The FBI announced this week that Kurt Mix, a former engineer for BP, has been arrested on charges of intentionally destroying evidence requested by federal criminal authorities investigating the April 20, 2010, BP Deepwater Horizon disaster.
Mix, 50, of Katy, Texas, was charged with two counts of obstruction of justice in a criminal complaint filed in the Eastern District of Louisiana.
According to Attorney General Eric Holder:
“The department has filed initial charges in its investigation into the Deepwater Horizon disaster against an individual for allegedly deleting records relating to the amount of oil flowing from the Macondo well after the explosion that led to the devastating tragedy in the Gulf of Mexico. The Deepwater Horizon Task Force is continuing its investigation into the explosion and will hold accountable those who violated the law in connection with the largest environmental disaster in U.S. history.”
According to the affidavit in support of a criminal complaint and arrest warrant, on April 20, 2010, the Deepwater Horizon rig experienced an uncontrolled blowout and related explosions while finishing the Macondo well. The catastrophe killed 11 men on board and resulted in the largest environmental disaster in U.S. history.

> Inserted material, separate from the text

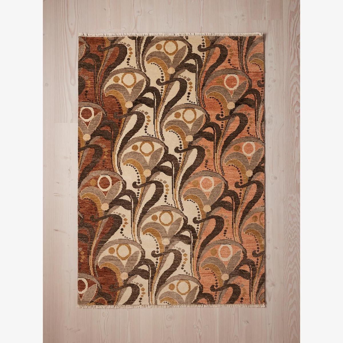 The Obie wool rug showcases abstract florals originally hand-painted by our in-house design team using watercolours. Inspired by Soho House Rome, this decorative rug has been hand-knotted in India by a community of skilled artisans in a tonal rust palette.
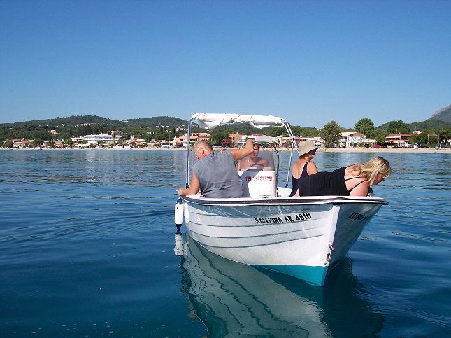 Vi kører til Ipsos, det er den første by, man kommer til fra Dassia, når man kører nordpå langs kysten. Vi havde lejet 2 både til kl. 10.

According to court documents, Mix was a drilling and completions project engineer for BP. Following the blowout, Mix worked on internal BP efforts to estimate the amount of oil leaking from the well and was involved in various efforts to stop the leak. Those efforts included, among others, Top Kill, the failed BP effort to pump heavy mud into the blown out wellhead to try to stop the oil flow. BP sent numerous notices to Mix requiring him to retain all information concerning Macondo, including his text messages.
Court documents say that:
“On or about Oct. 4, 2010, after Mix learned that his electronic files were to be collected by a vendor working for BP’s lawyers, Mix allegedly deleted on his iPhone a text string containing more than 200 text messages with a BP supervisor. The deleted texts, some of which were recovered forensically, included sensitive internal BP information collected in real-time as the Top Kill operation was occurring, which indicated that Top Kill was failing. Among other things, Mix deleted a text he had sent on the evening of May 26, 2010, at the end of the first day of Top Kill. In the text, Mix stated, among other things, “Too much flowrate – over 15,000.” Before Top Kill commenced, Mix and other engineers had concluded internally that Top Kill was unlikely to succeed if the flow rate was greater than 15,000 barrels of oil per day (BOPD). At the time, BP’s public estimate of the flow rate was 5,000 BOPD – three times lower than the minimum flow rate indicated in Mix’s text.”
“…on or about Aug. 19, 2011, after learning that his iPhone was about to be imaged by a vendor working for BP’s outside counsel, Mix allegedly deleted a text string containing more than 100 text messages with a BP contractor with whom Mix had worked on various issues concerning how much oil was flowing from the Macondo well after the blowout. By the time Mix deleted those texts, he had received numerous legal hold notices requiring him to preserve such data and had been communicating with a criminal defense lawyer in connection with the pending grand jury investigation of the Deepwater Horizon disaster.”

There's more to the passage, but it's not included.